In general, the systems and methods described herein include two components: a plant DNA virus-based replicon containing a repair template targeted to an endogenous plant sequence, and an endonuclease that also is targeted to a site near or within the target sequence. The endonuclease can generate a targeted DNA DSB at the desired locus, and the plant cell can repair the DSB using the repair template present in the replicon, thereby incorporating the modification stably into the plant genome. In some embodiments, the systems and methods provided herein include two or more plant DNA virus-based replicons that each contain a different repair template with or without a sequence encoding a SSN, or include a plant DNA virus-based replicon that contains two or more repair templates targeted to endogenous plant sequences, with or without sequences encoding two or more SSNs that also are targeted to sites near or within the target sequences.
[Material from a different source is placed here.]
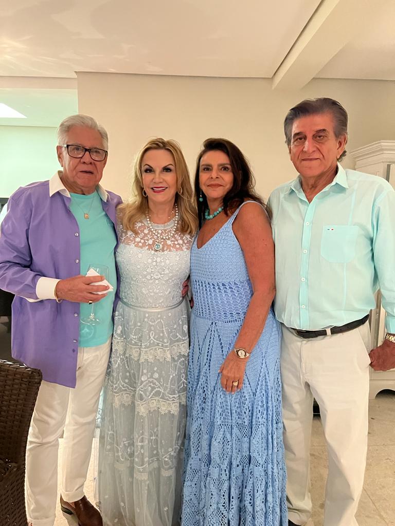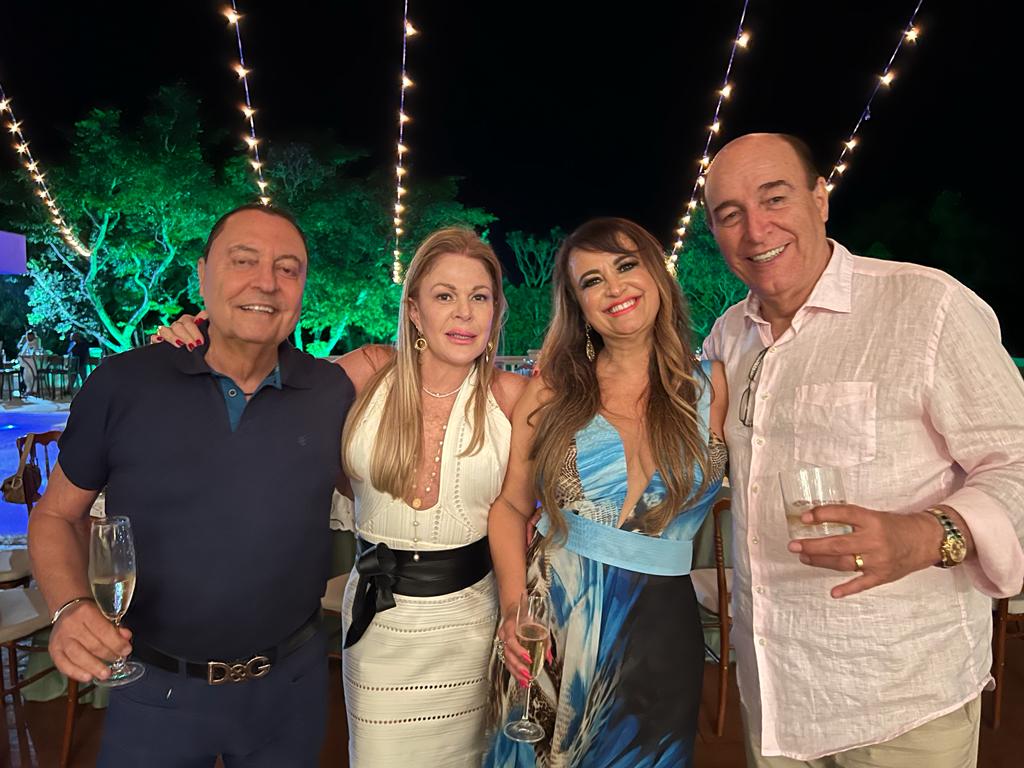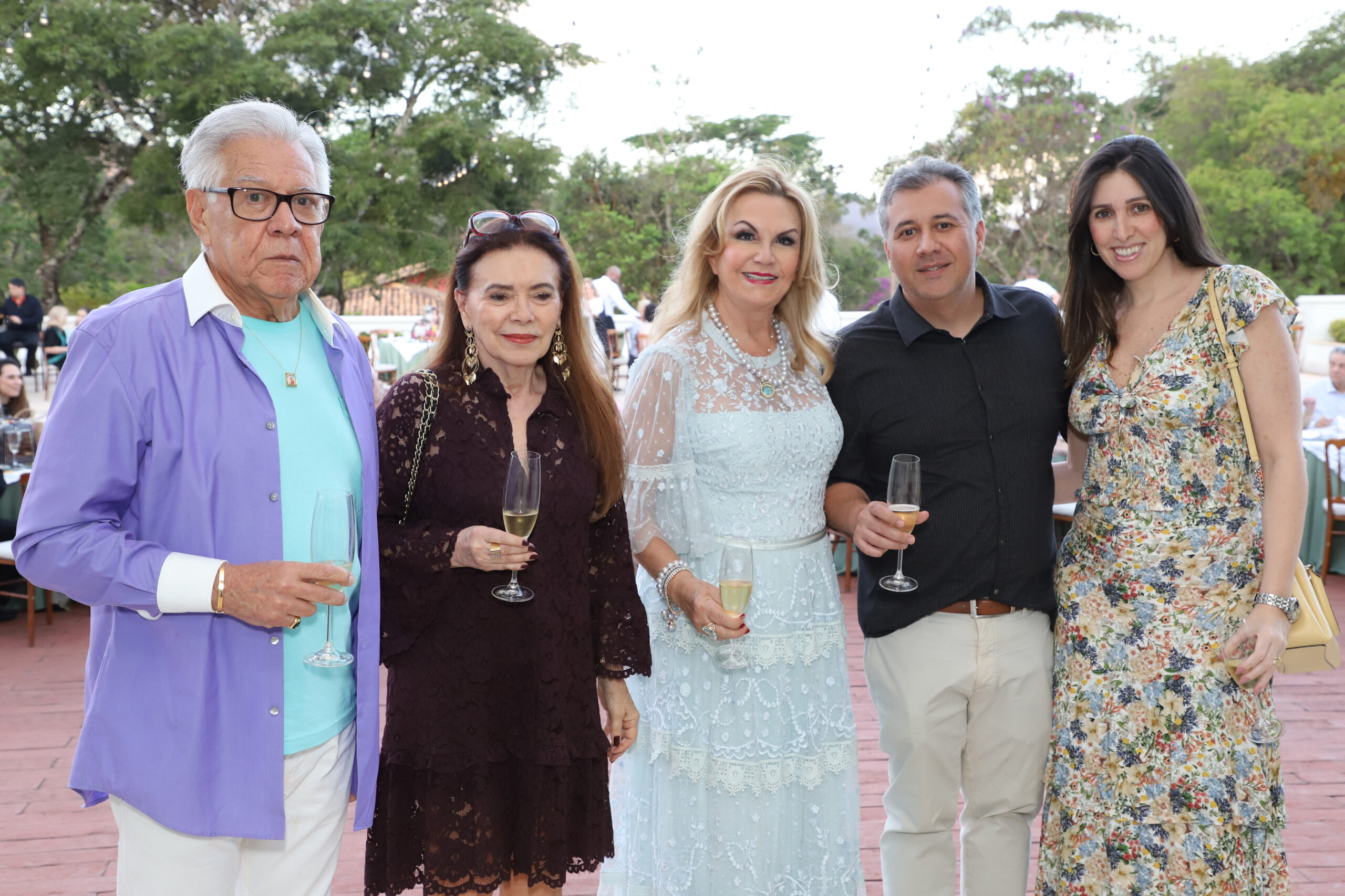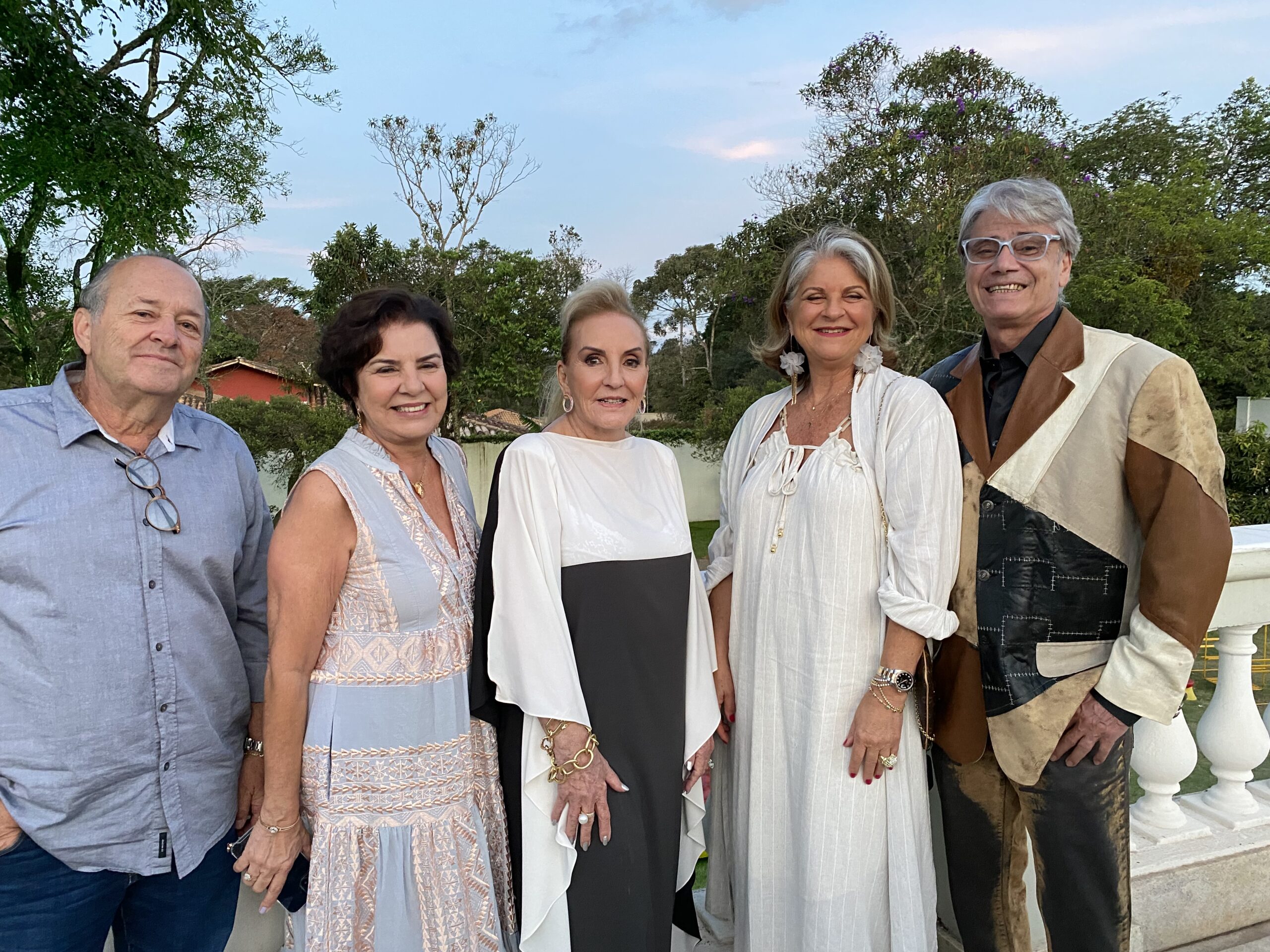Marta Maria de Castro Batista Ramos não deixou de comemorar seu aniversário deste ano, apesar da data de 2 de Outubro ter caído no domingo do primeiro turno das eleições. Então, transferiu a festa para duas semanas depois, pois Martinha acha que é uma excelente ocasião de rever seus muitos amigos. Foi um sábado de sol, na casa de campo de seu filho Betinho, no Condomínio Miguelão, nas redondezas de Beagá/Nova Lima. Marcou a festa para as 16h quando o sol já está descendo para a linha do belo horizonte que se avista nos jardins da casa e o céu vai tomando tons de rosa, as aves vão cruzando o céu retornando para as árvores em volta do pátio, onde foram colocadas as mesas, e este cenário encantou seus convidados, que consideraram a tarde maravilhosa e perfeita. A decoração de centenas de rosas e vários tipos de flôres, formando enormes arranjos multicoloridos em jarros de cristal combinando com a imponência da casa estilo aristocrático inglês. Aliás, o vestido da anfitriã combinava com o estilo inglês, pois o encomendou direto da Inglaterra da premiada estilista britânica Jenny Packham, responsável pelo guarda-roupa da série Bridgerton, um modelo fin-desiècle num tom de azul pastel. O jantar foi servido assim que a noite chegou, o bar de drinques funcionou todo o tempo, e a banda do cantor João Mariz animou a festa com um repertório de músicas consagradas, principalmente sertanejas, o que levou os convidados para a pista de dança. Os vinhos servidos (alguns premiados) foram todos os produzidos pela família da Martinha, nos vinhedos chilenos de seu cunhado Juan Coderch e sua irmã Cecilia Batista Coderch. As presenças podem ser conferidas nas fotos.

The endonucleases can generate targeted DNA DSBs at the desired loci, and the plant cell can repair the DSBs using the repair templates present in the replicon(s), thereby incorporating the modifications stably into the plant genome.

Geminivirus-based replicons can be particularly useful. Geminiviruses are a large family of plant viruses that contain circular, single-stranded DNA genomes. Examples of geminiviruses include the cabbage leaf curl virus, tomato golden mosaic virus, bean yellow dwarf virus (BeYDV; also referred to as chickpea chlorotic dwarf virus), African cassava mosaic virus, wheat dwarf virus (WDV), miscanthus streak mastrevirus, tobacco yellow dwarf virus, tomato yellow leaf curl virus, bean golden mosaic virus, beet curly top virus, maize streak virus, and tomato pseudo-curly top virus.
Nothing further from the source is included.